++++ Data ++++
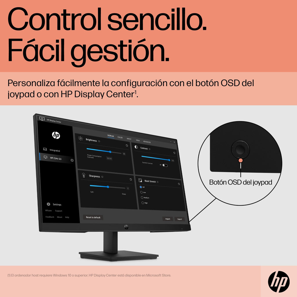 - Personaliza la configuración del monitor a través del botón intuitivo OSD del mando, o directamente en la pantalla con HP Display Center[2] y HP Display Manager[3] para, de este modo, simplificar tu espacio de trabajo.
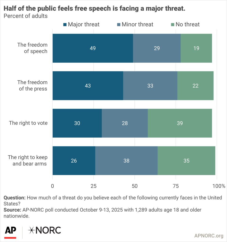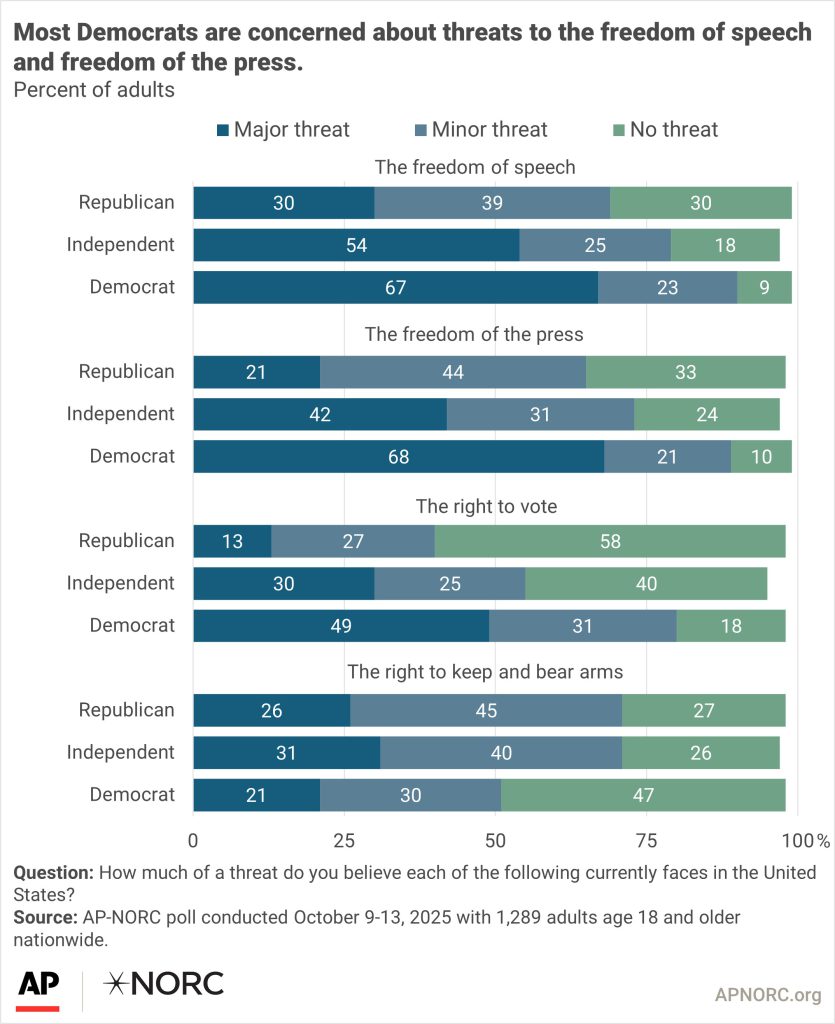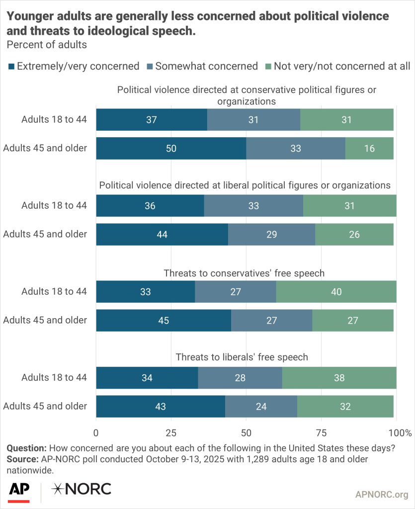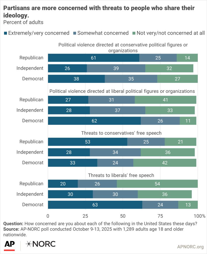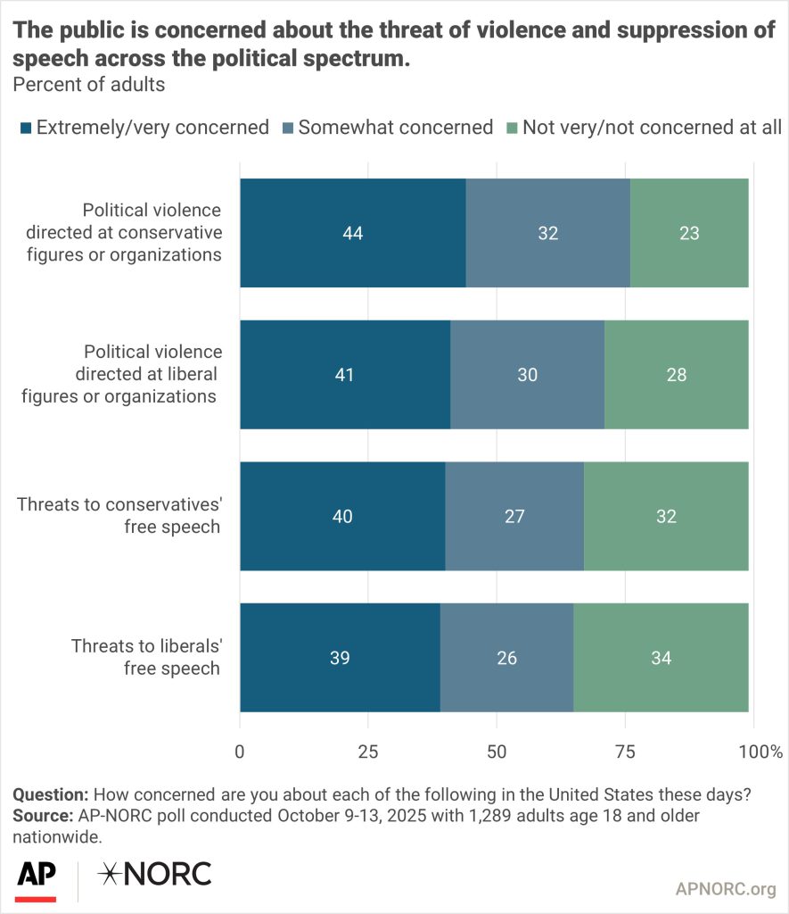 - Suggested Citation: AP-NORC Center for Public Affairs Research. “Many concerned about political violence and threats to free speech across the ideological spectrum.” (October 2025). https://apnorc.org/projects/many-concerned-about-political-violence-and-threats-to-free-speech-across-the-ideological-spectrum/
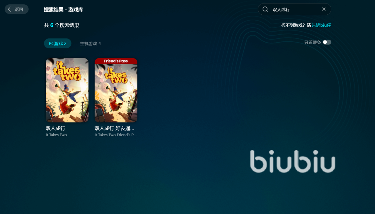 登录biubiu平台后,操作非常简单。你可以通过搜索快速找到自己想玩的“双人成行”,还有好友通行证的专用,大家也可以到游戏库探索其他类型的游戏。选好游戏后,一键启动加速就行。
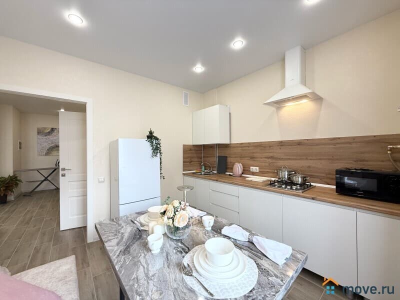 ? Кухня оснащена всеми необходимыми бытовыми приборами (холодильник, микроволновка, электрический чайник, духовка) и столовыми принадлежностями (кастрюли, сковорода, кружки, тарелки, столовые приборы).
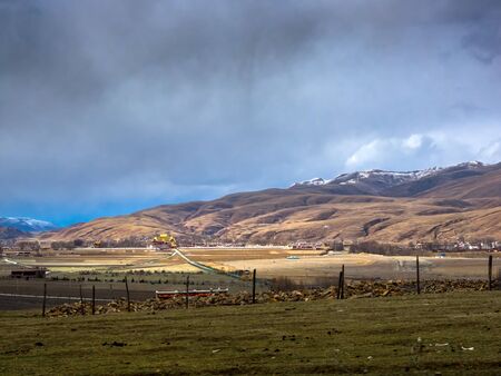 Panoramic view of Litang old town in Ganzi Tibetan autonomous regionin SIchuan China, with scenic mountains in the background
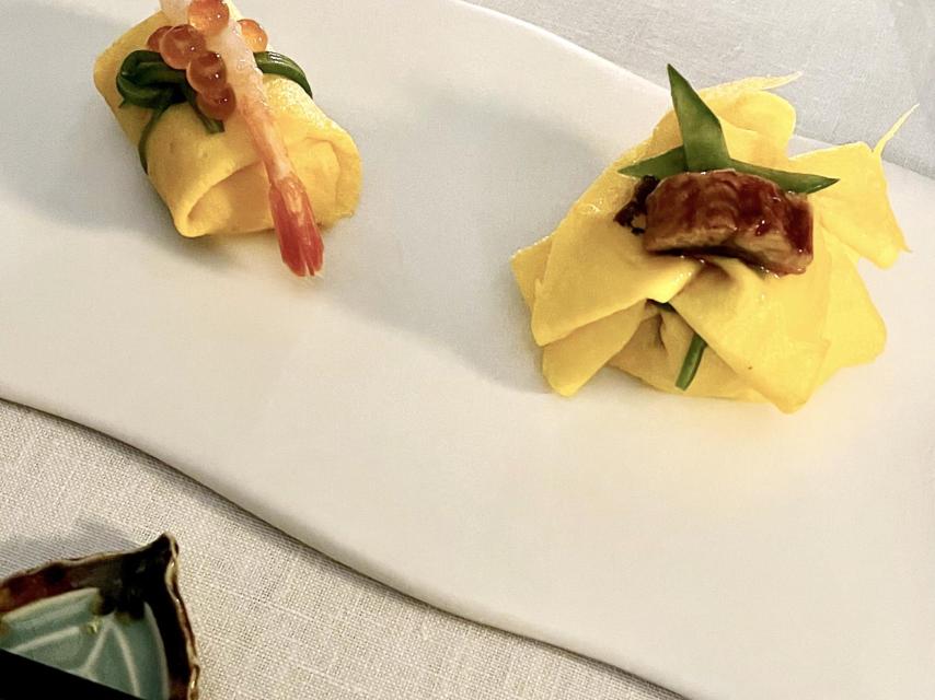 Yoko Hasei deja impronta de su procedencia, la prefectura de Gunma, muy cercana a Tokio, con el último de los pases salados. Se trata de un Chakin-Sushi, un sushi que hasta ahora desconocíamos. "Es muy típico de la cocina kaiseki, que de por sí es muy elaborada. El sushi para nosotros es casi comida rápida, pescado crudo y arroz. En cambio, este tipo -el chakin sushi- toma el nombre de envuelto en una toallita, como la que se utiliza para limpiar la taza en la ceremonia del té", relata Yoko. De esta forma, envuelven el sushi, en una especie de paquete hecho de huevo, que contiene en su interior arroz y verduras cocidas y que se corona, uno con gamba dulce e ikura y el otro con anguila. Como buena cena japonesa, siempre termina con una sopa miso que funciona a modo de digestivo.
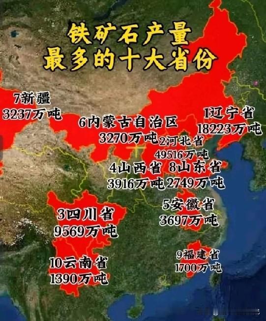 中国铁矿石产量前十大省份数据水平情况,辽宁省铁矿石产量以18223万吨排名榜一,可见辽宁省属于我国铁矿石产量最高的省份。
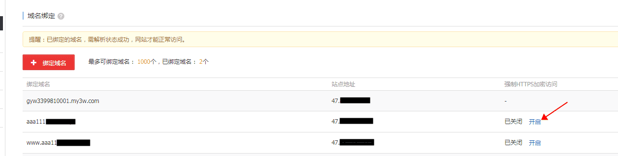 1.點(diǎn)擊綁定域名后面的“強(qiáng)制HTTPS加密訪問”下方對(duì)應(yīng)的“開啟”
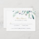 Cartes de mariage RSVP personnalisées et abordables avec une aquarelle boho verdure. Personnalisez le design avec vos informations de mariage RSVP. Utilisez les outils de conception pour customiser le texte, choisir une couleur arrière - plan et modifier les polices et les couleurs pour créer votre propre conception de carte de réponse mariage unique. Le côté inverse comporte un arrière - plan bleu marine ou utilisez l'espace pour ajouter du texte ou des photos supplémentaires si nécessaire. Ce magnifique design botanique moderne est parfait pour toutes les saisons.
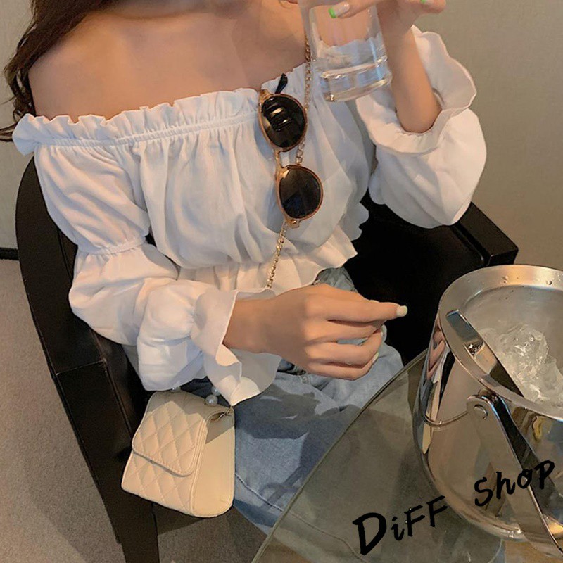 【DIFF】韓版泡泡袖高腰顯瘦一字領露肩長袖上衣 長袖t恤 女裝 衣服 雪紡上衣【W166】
++++
• Goal of the exercise:
Could you repeat exactly the lines from the one containing "тарелки, столовые приборы)." through the last line of the records, both included, without the pictures?

• Response:
 ? Кухня оснащена всеми необходимыми бытовыми приборами (холодильник, микроволновка, электрический чайник, духовка) и столовыми принадлежностями (кастрюли, сковорода, кружки, тарелки, столовые приборы).
 Panoramic view of Litang old town in Ganzi Tibetan autonomous regionin SIchuan China, with scenic mountains in the background
 Yoko Hasei deja impronta de su procedencia, la prefectura de Gunma, muy cercana a Tokio, con el último de los pases salados. Se trata de un Chakin-Sushi, un sushi que hasta ahora desconocíamos. "Es muy típico de la cocina kaiseki, que de por sí es muy elaborada. El sushi para nosotros es casi comida rápida, pescado crudo y arroz. En cambio, este tipo -el chakin sushi- toma el nombre de envuelto en una toallita, como la que se utiliza para limpiar la taza en la ceremonia del té", relata Yoko. De esta forma, envuelven el sushi, en una especie de paquete hecho de huevo, que contiene en su interior arroz y verduras cocidas y que se corona, uno con gamba dulce e ikura y el otro con anguila. Como buena cena japonesa, siempre termina con una sopa miso que funciona a modo de digestivo.
 中国铁矿石产量前十大省份数据水平情况,辽宁省铁矿石产量以18223万吨排名榜一,可见辽宁省属于我国铁矿石产量最高的省份。
 1.點(diǎn)擊綁定域名后面的“強(qiáng)制HTTPS加密訪問”下方對(duì)應(yīng)的“開啟”
 Cartes de mariage RSVP personnalisées et abordables avec une aquarelle boho verdure. Personnalisez le design avec vos informations de mariage RSVP. Utilisez les outils de conception pour customiser le texte, choisir une couleur arrière - plan et modifier les polices et les couleurs pour créer votre propre conception de carte de réponse mariage unique. Le côté inverse comporte un arrière - plan bleu marine ou utilisez l'espace pour ajouter du texte ou des photos supplémentaires si nécessaire. Ce magnifique design botanique moderne est parfait pour toutes les saisons.
 【DIFF】韓版泡泡袖高腰顯瘦一字領露肩長袖上衣 長袖t恤 女裝 衣服 雪紡上衣【W166】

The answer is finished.